Belle of the Brawl by Gary A. Best

Click on cover image to purchase a copy

Click on cover image to purchase a copy

MWSA Review

Gary A. Best's Belle of the Brawl is a wonderful portrait of the relationship between a boy and his mother, told through the letters of young Fred Lull as he writes home during his training and deployment as a B-17 bombardier. It describes a warm, emotional relationship, where a young man in harm's way continuously works to reassure his worried mother that he is just fine and plenty safe, even when the horrors of war surround him.

Best does a great job of interspersing the letters from Fred with notes,comments, and news clippings about the war at that time. This serves to both allow the reader to fix in history when the story occurred and also to contrast the harsh realities of war with the boy's club picture that Fred paints for his mother.

In addition to developing the picture of the relationship, the book does a wonderful job of painting a picture of what life was like in America during World War II. The reader learns about rationing, traveling in the United States, and how Americans worked to make ends meet in the 1940's.

This book is an excellent addition to any library, but will be especially enjoyed by military aviation buffs and World War II veterans.

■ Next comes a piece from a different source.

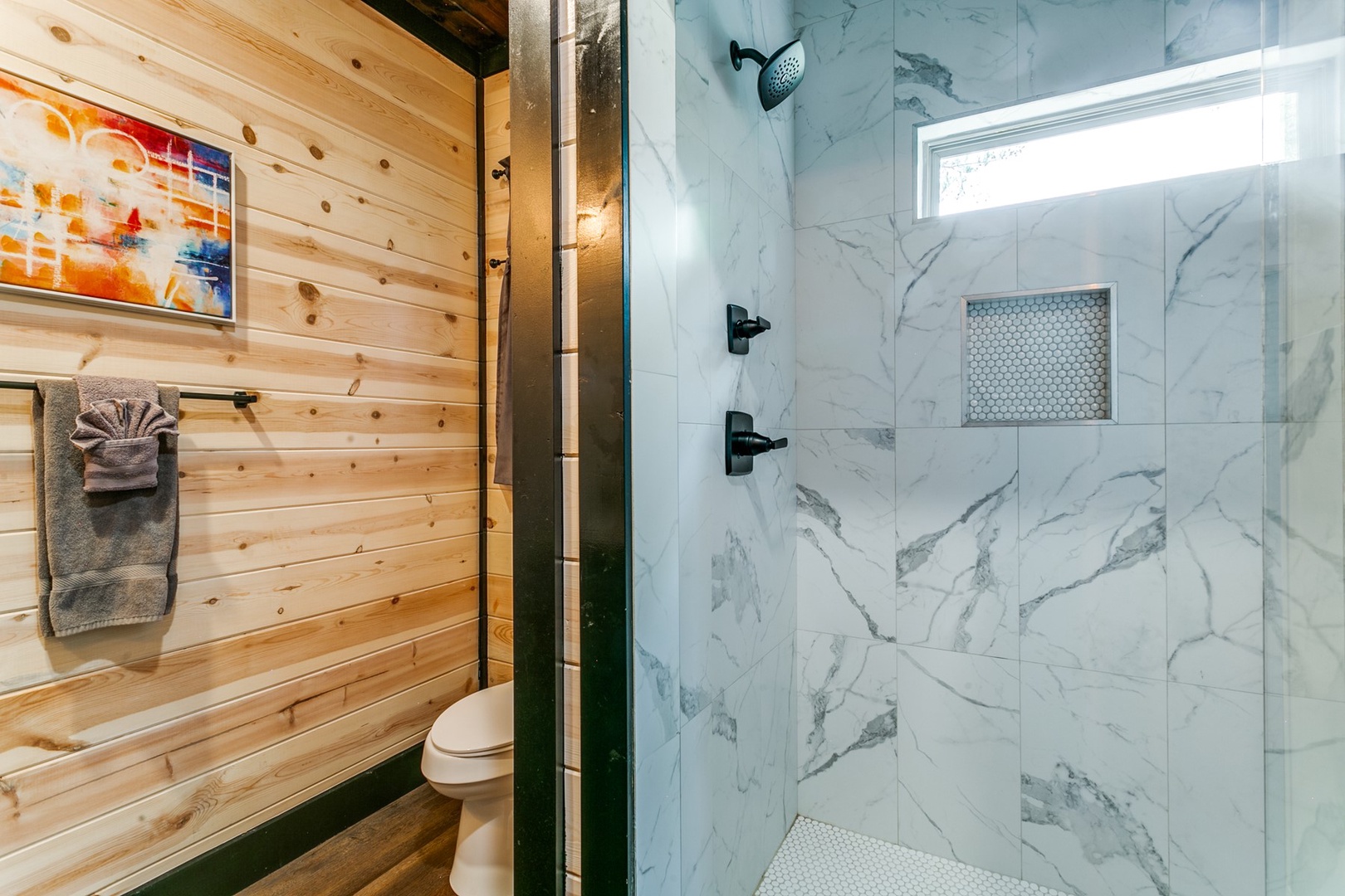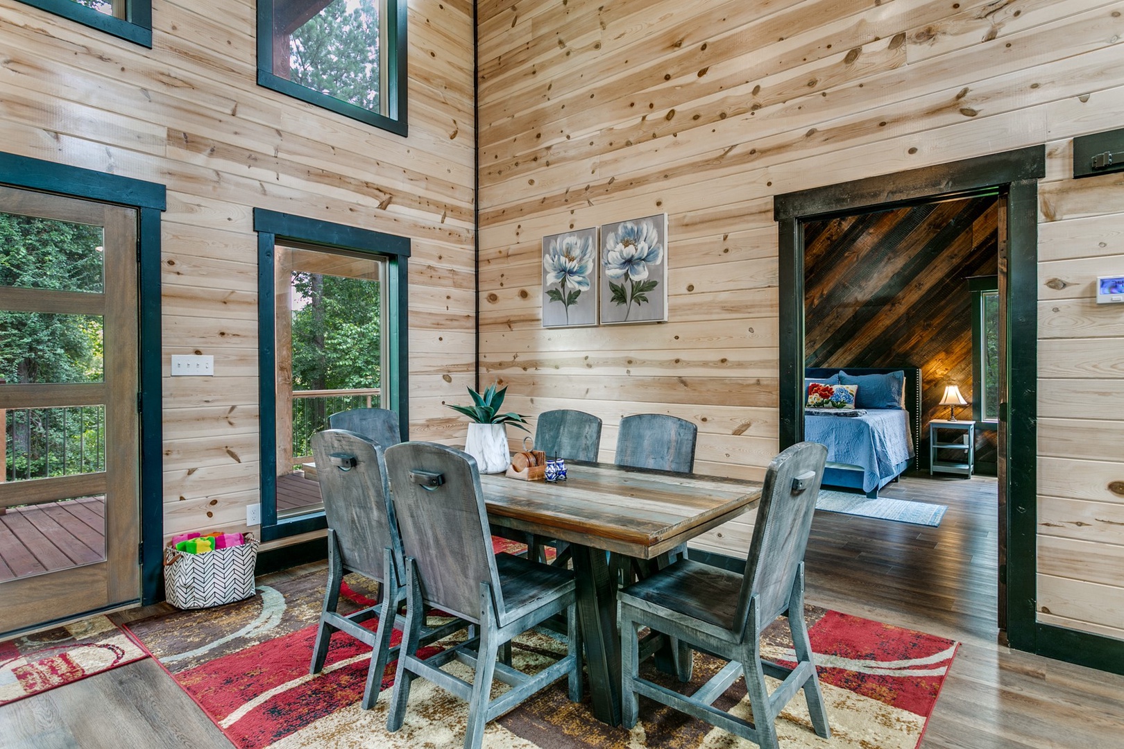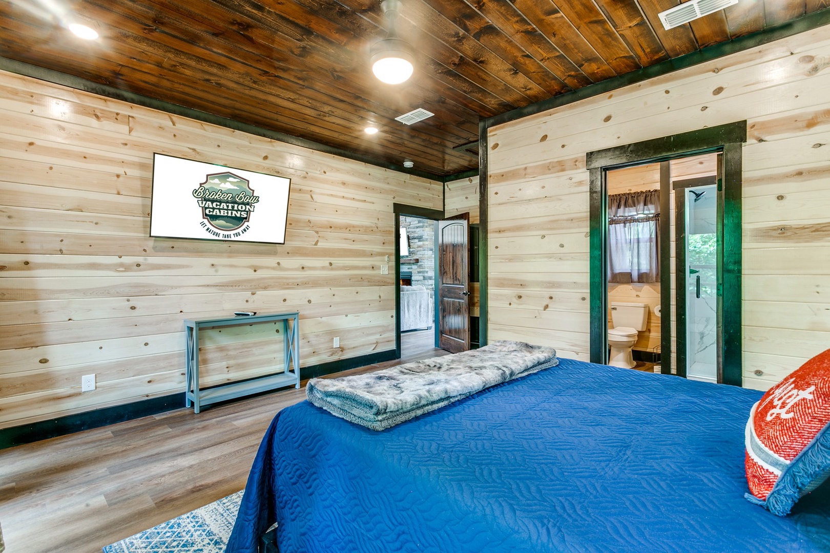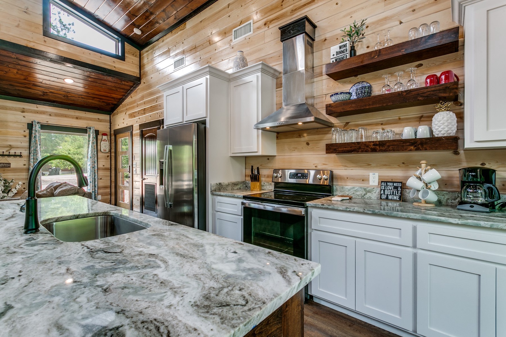 The Polaris cabin is a 2 bedroom that can accommodate up to 6 guests. The main area is an open concept that includes the living, kitchen and dining areas. The living area has seating of a sofa ( pulls out to make a queen sleeper), and love seat in front of the gas log fireplace (seasonal October- April). There is a timer switch on the side wall to ignite the logs. The TV is also mounted on the hearth and is equipped with streaming ability.

Reviewed by: Rob Ballister (2011)


Author's Synopsis

Belle of the Brawl chronicles the WW II experiences of a B-17 bombardier through the Plexiglas nose of his B-17. Based on the 150 letters the airman wrote home to his mom, much of the horrors of what he experienced off the wing of his plane, aircraft destroyed, dismemberment by flak, go unshared. He didn't want her to worry so he couldn't tell her, "I noticed some movement and a flash of light out of the corner of my right eye . . . the plane that had been flying right next to us had exploded and simply disappeared." Using the bombardier's combat flight record, research data, and interviews of former B-17 crewmembers, Belle of the Brawl unfolds, breaking through the barrier of an unwillingness and inability to tell loved ones of the smell and taste of the war. He and others wrote home in generalities but remembered something quite different. Flying over Berlin, circled with more than 700 antiaircraft cannons, the massive air armada of D-Day and the horrendous air battle over Brux are revealed and remembered long after the struggles of combat - After I got home, "I'd wake up screaming and the same FW would be coming after me."